*** Stored data ***

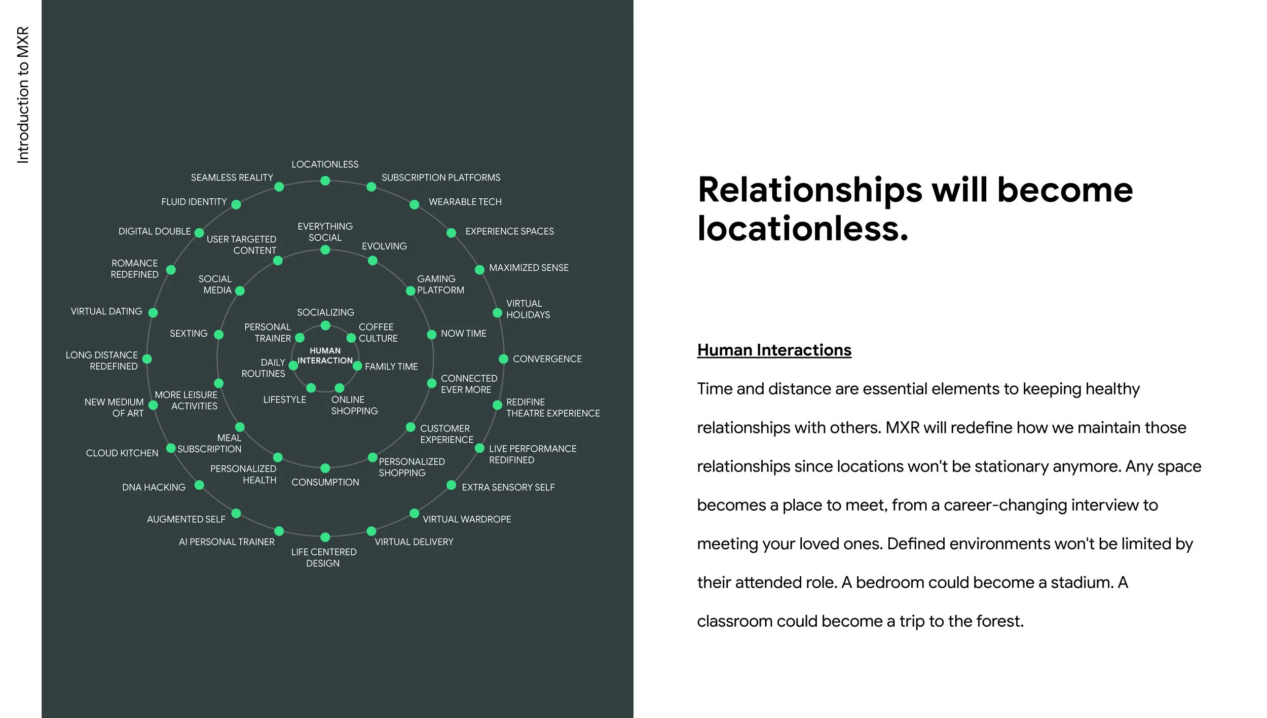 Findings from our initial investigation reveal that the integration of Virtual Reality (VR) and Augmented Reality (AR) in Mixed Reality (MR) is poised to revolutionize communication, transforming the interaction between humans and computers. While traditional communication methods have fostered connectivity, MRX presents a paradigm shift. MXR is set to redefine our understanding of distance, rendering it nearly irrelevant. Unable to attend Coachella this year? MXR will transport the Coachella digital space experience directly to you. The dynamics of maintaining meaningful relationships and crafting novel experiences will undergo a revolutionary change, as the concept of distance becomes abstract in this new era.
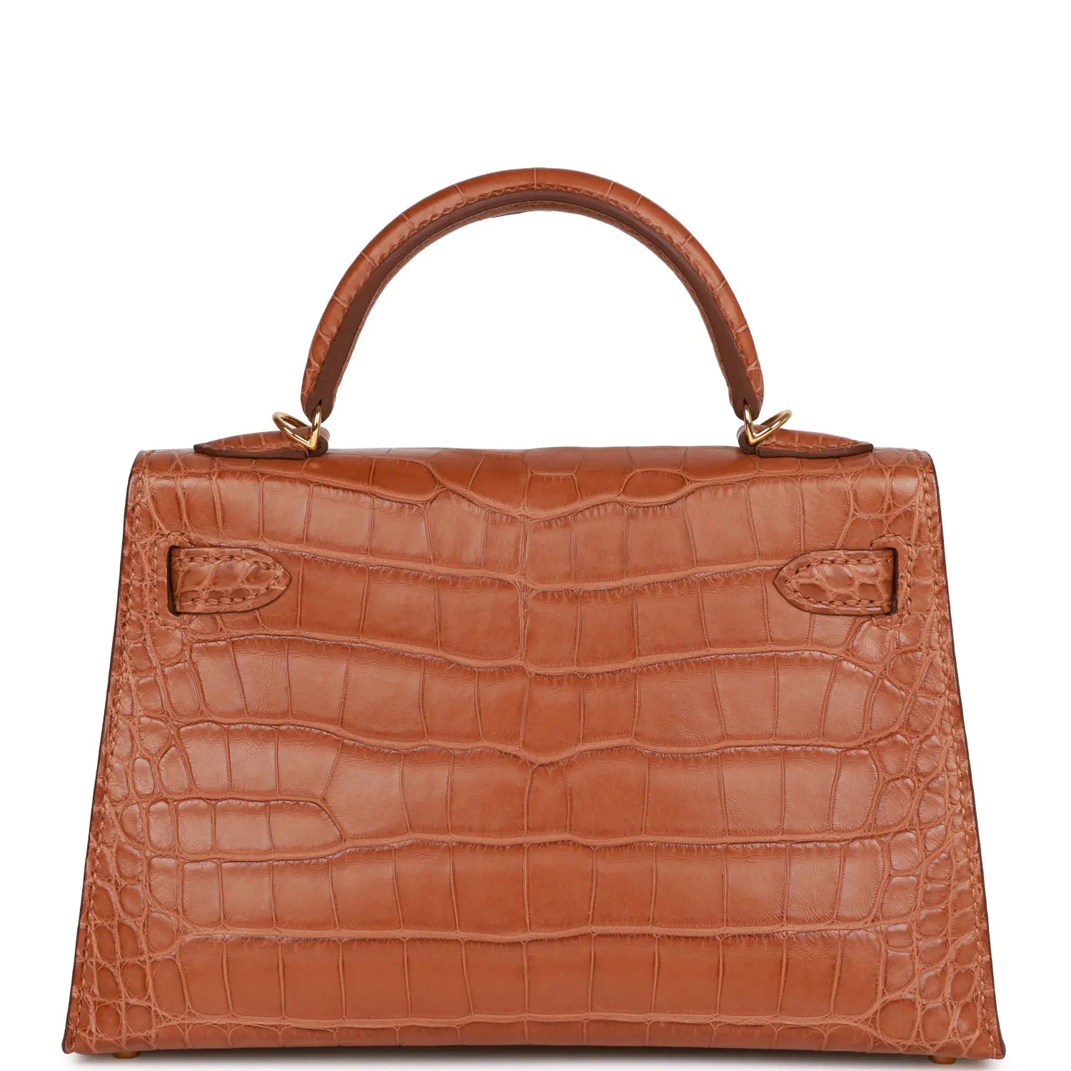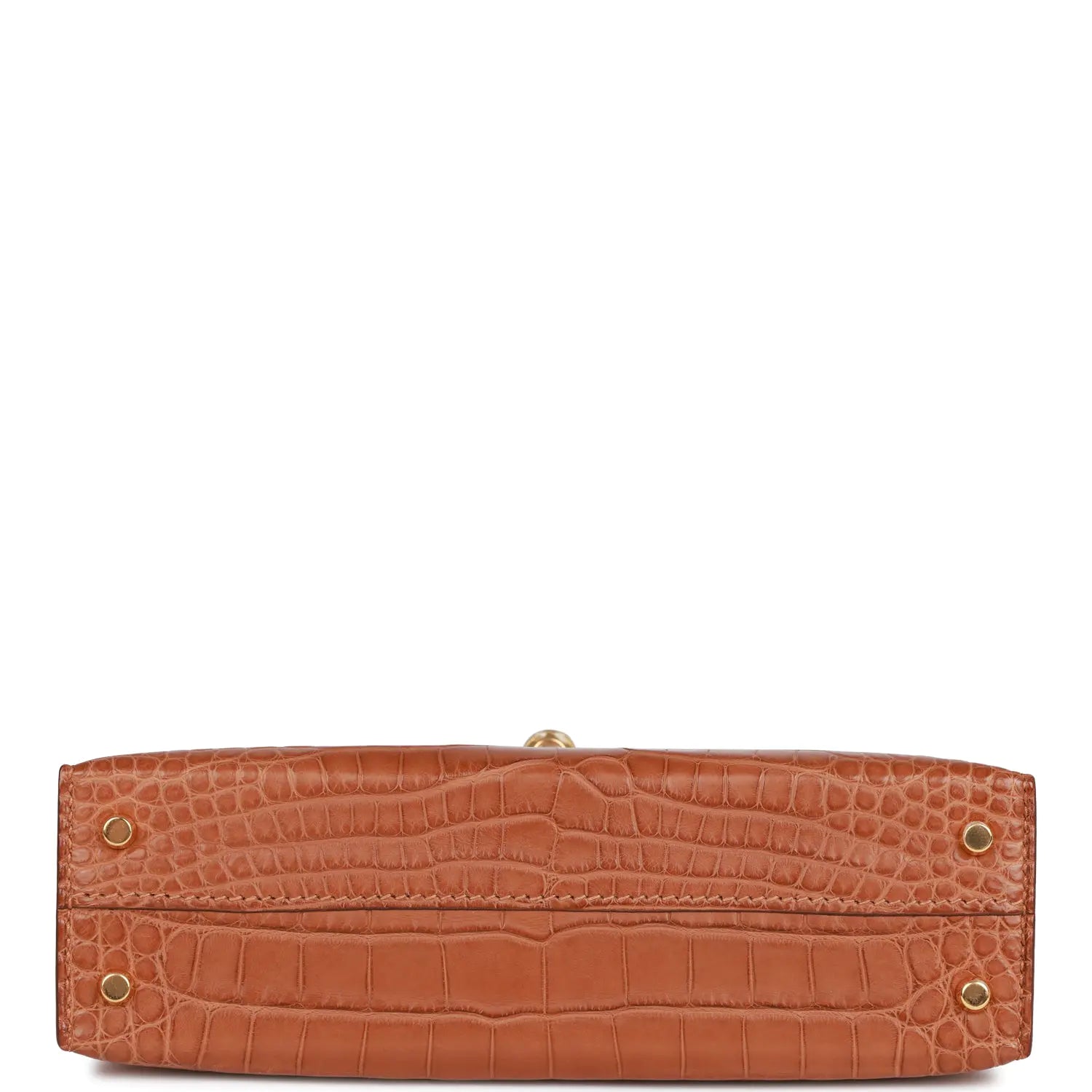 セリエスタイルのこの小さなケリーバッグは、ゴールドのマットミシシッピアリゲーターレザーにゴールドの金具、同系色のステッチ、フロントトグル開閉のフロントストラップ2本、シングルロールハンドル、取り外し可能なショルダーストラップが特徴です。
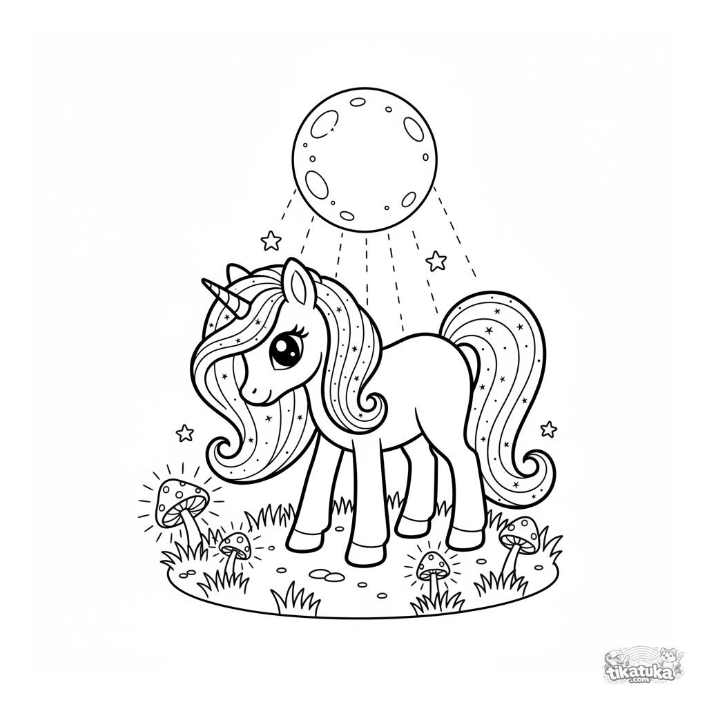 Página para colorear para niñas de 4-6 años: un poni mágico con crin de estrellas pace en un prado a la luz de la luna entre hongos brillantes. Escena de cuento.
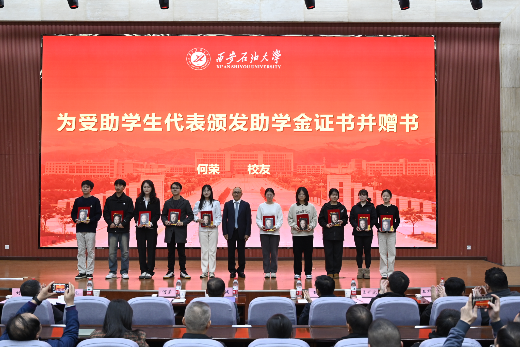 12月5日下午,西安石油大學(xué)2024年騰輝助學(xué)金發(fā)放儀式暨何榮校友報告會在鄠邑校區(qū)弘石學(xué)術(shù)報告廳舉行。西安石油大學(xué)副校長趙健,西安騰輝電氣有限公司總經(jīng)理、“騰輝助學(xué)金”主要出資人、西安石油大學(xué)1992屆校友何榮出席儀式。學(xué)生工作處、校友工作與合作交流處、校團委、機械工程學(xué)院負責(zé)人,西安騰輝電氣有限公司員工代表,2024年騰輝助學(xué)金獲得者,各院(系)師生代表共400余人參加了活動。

***

▶ What the exercise asks:
Repeat the listing exactly; do not print any picture.

▶ Response to this exercise:
 Findings from our initial investigation reveal that the integration of Virtual Reality (VR) and Augmented Reality (AR) in Mixed Reality (MR) is poised to revolutionize communication, transforming the interaction between humans and computers. While traditional communication methods have fostered connectivity, MRX presents a paradigm shift. MXR is set to redefine our understanding of distance, rendering it nearly irrelevant. Unable to attend Coachella this year? MXR will transport the Coachella digital space experience directly to you. The dynamics of maintaining meaningful relationships and crafting novel experiences will undergo a revolutionary change, as the concept of distance becomes abstract in this new era.
 セリエスタイルのこの小さなケリーバッグは、ゴールドのマットミシシッピアリゲーターレザーにゴールドの金具、同系色のステッチ、フロントトグル開閉のフロントストラップ2本、シングルロールハンドル、取り外し可能なショルダーストラップが特徴です。
 Página para colorear para niñas de 4-6 años: un poni mágico con crin de estrellas pace en un prado a la luz de la luna entre hongos brillantes. Escena de cuento.
 12月5日下午,西安石油大學(xué)2024年騰輝助學(xué)金發(fā)放儀式暨何榮校友報告會在鄠邑校區(qū)弘石學(xué)術(shù)報告廳舉行。西安石油大學(xué)副校長趙健,西安騰輝電氣有限公司總經(jīng)理、“騰輝助學(xué)金”主要出資人、西安石油大學(xué)1992屆校友何榮出席儀式。學(xué)生工作處、校友工作與合作交流處、校團委、機械工程學(xué)院負責(zé)人,西安騰輝電氣有限公司員工代表,2024年騰輝助學(xué)金獲得者,各院(系)師生代表共400余人參加了活動。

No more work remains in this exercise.